Another part of structuring creative endeavors is creating opportunities to have your work reviewed, either by you or by someone else. In the context of book writing, working through the copy-edits with our publisher helped (or forced!) us to encounter other parts of our writing we hadn’t considered: We realized late in the process that we used both the singular and plural form of ‘data’ throughout the manuscript (without expressed reasons for doing so!). Even an early GitHub issue about this very topic hadn’t prompted the same level of urgency as the copy-edits did. While more particular than the broader blind spots discovered through collaboration and writing in the open, these blind spots are critical for creating a clear, professional, and readable book for the audience. Whether reviewing your own work or having others review for you, an intentional revision process can uncover missed opportunities for improvements.

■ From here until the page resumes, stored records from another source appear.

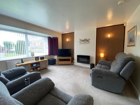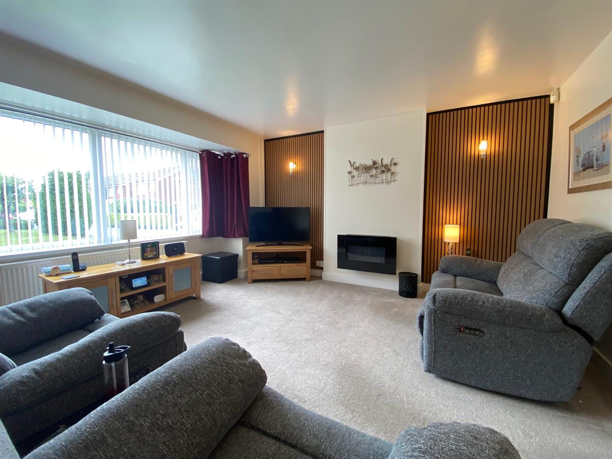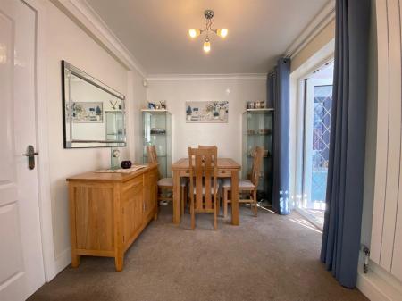 Spacious and bright living room with uPvc double glazed walk in bay window to the front elevation, double panelled radiator, wall mounted contemporary fire, uPvc double glazed frosted arched window to the side elevation, 3 wall light points, door through to the dining room, modern glazed panel staircase rising to the first floor landing and door into the under stair storage cupboard.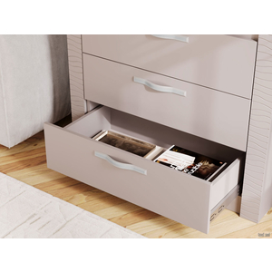 Комод Далия поможет организовать упорядоченное хранение одежды и белья. Выдвижные ящики плавно и бесшумно открываются, обеспечивая доступ к содержимому. Декоративные элементы разбавляют сдержанный дизайн модели, создавая стильные акценты интерьера. ...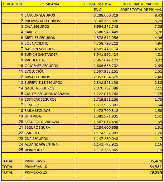 Si tomamos en consideración las 10 primeras aseguradoras el porcentaje alcanza al 54,58 % y si ampliamos la participación de las primeras 15 las mismas alcanzan el 79,38 % del total de la producción.

Finally, deadlines can help. The due date for the manuscript motivated us to improve how we communicated with each other. In Change By Design, Tim Brown writes:
“Curse deadlines all you want, but remember that time can be our most creative constraint.”
Indeed, the frequency of team calls and the commitment to revising and finalizing our manuscript together grew as our deadline approached. Thus, our publisher’s deadline provided a structure that encouraged organization, efficient decision-making, problem-solving, and collaboration. With the deadline looming, we got to the essential question as quickly as possible: Does what we wrote connect meaningfully with the audience and if not, how can we speak to them better?
In the end, the solution for writing the best book we could for new R users in the education field was to empower the community with tools to look at our work and share their reactions with us. Writing Data Science in Education Using R in the open was a way for us to express what we’ve learned, but also a way for us to keep learning.